Friday, 28 November 2014

Traffic giving me the pip

Friday traffic is a thing of the past for me. It will have to be a life-threatening emergency to get me on a road anywhere over Ou Kaapse Weg after 12 on a Friday, otherwise the chances of getting home again without an hour or more in traffic jams is a certainty.  The incessant development of the South Peninsula is, as always, at the expense of those who already live there, by way of diminished lifestyle, stressful journeys for basic needs such as work and school with the added annoyance of the taxis who flout every rule of the road as they muscle their way through the queues, and about three hours wasted which should be spent with the family. Yet nothing appears to stand in the way of the desire of the developers to cover every available open space with tar and concrete in the hope of making a huge amount of money.

There should be no need for residents to desperately seek funds to pay lawyers to protest against these developments - the very people who have been placed in positions where they are supposed to look after the interests of ratepayers and preserve the land for future generations - indeed, public servants - act in direct opposition to the will of the people. A simple No should be all that is required. It is a sad fact that money talks, but it speaks the wrong language - it brings out the worst in people. And it is little wonder that bouts of extreme road rage erupt when people are forced to sit in traffic because the authorities seem unable or incapable of solving the problems through basic common sense.

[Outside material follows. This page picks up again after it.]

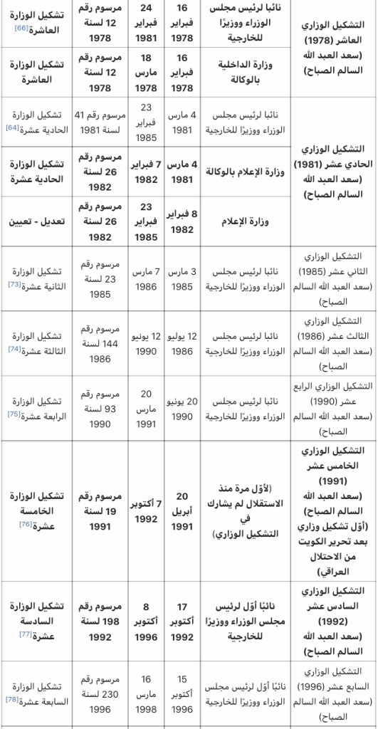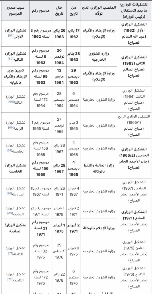 يعد صباح الأحمد المهندس الإستراتيجي للدبلوماسية الكويتية العربية والباني الحقيقي لها.[61] فوزارة الخارجية الكويتية على الصعيد العربي والعالمي في عهد وزيرها الأوّل صباح السالم في التشكيل الوزاري الأوّل، لم تكن بعد قد اكتمل تأسيسها ولم تكن البعثات الخارجية للدولة قد انتشرت دوليا كما حصل بعد ذلك. وقد جاء صباح للوزارة مركّزًا على الانفتاح والتضامن والدمج والتناغم مع المصالح العربية.[61] ليستمر إثرها وزيرًا للخارجية طيلة أربعة عقود من الزمن.[62] وبالإضافة إلى وزارة الخارجية التي شغلها منذ التشكيل الوزاري الثاني في الكويت ما بعد الاستقلال، شغل صباح وزارات أخرى بعضا منها بالوكالة، أبرزها كانت وزارة الإعلام التي شغلها أربع مرات، مرتان منها بالوكالة، حيث سبق الإشارة إلى أنّه كان أوّل وزير للإعلام (للإرشاد والأنباء في مسماها القديم) لمّا عيّن في التشكيل الوزاري الأوّل. وفي التشكيل الوزاري الثاني، عاد وزيرًا للإرشاد والأنباء بالوكالة في 29 ديسمبر1963 وحتى 13 مارس1964بعد أن استقال مبارك العبد الله الأحمد الصباح من الوزارة.[60] وفي المرة الثالثة تولى وزارة الإعلام بالوكالة بمسمّاها الجديد ما بين 2 فبراير1971 وحتى 3 فبراير1975، وذلك في التشكيل الوزاري السابع لحكومة دولة الكويت[63]، حيث أصبحت “وزارة الإرشاد والأنباء” تسمى “وزارة الإعلام”، وذلك تماشيا مع قرار مجلس وزراء الإعلام العرب في دور انعقاده العادي السادس في القاهرة في شهر يناير عام 1970 الذي دعا حكومات الدول الأعضاء إلى النظر بتوحيد تسمية الوزارات المختصة بشؤون الإعلام تحت مسمى “وزارة الإعلام”.[13] والمرة الأخيرة كانت في التشكيل الوزاري الحادي عشر، في 4 مارس1981 حيث عيّن وزيرا للإعلام بالوكالة، ثم عدّل التشكيل الوزاري فألحقت الوزارة به بصفته وزيرا للإعلام في 8 فبراير1982 واستمر على رأس وزارة الإعلام حتى 3 مارس1985.[64] كذلك شغل وزارة المالية والنفط وزيرا بالوكالة (كانت وزارة واحدة) في التشكيل الوزاري الخامس بعد الاستقلال، وذلك في الفترة الممتدة ما بين 4 ديسمبر1965 إلى 28 يناير1967 ليترأس إثر ذلك مجلس إدارة الصندوق الكويتي للتنمية الاقتصادية العربية طيلة تلك الفترة.[65] وفي التشكيل الوزاري العاشر بعد الاستقلال، عُيّن وزيرًا للداخلية بالوكالة في الفترة الممتدة ما بين 16 فبراير1978 وحتى 18 مارس1978.[66] وبحكم منصبه كوزير أصبح عضوًا في مجلس الأمة، وكان خلال هذه الفترة يترأس نادي المعلمين الكويتي.[67] فيما يلي جدول بالمناصب الوزارية التي تولّاها بعد الاستقلال: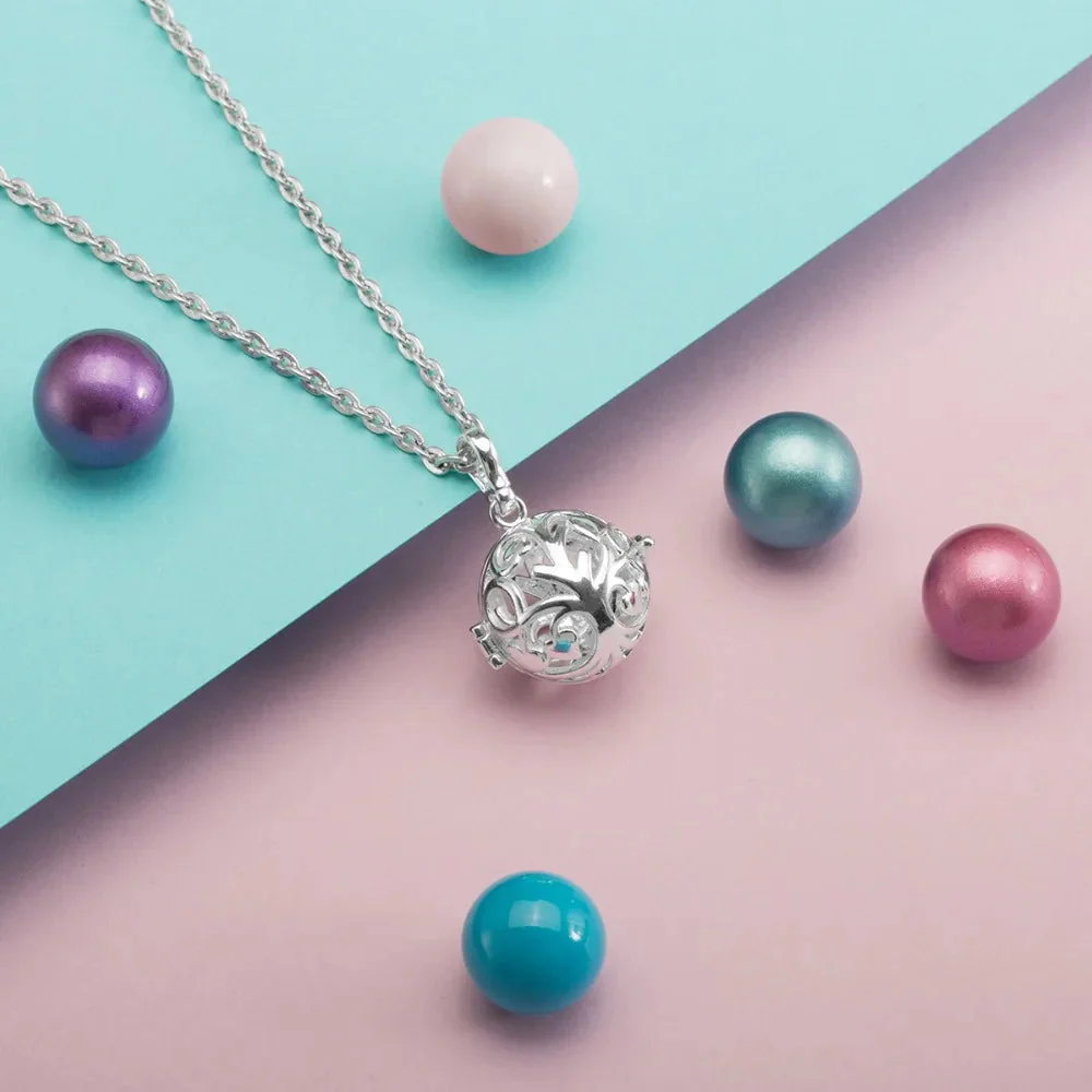 Notre bola à cage est un bijou unique et élégant, qui apportera une touche de douceur et de raffinement à votre tenue. Il est composé d’une cage en métal, qui s’ouvre en deux parties pour accueillir le bola. Chaque bola est fabriqué avec soin et émet un doux tintement apaisant, qui berce le bébé et favorise son développement sensoriel pendant la grossesse. Le bola à cage est disponible en plusieurs couleurs et matières, pour s’adapter à tous les goûts et tous les styles. Il est disponible avec une chaîne en argent de 114 cm

A step in the right direction would be to make every person who works in the traffic department travel through the Sun Valley/Capri robots on a Friday afternoon.  By the third week, they will have ripped out the robots and got the bulldozers out making roundabouts and a dual carriageway. Or at the very least, put a traffic cop on duty to override the lights - that should work like a charm. The fact that so many of our drivers have no right to even be on the road is, of course, a whole other story.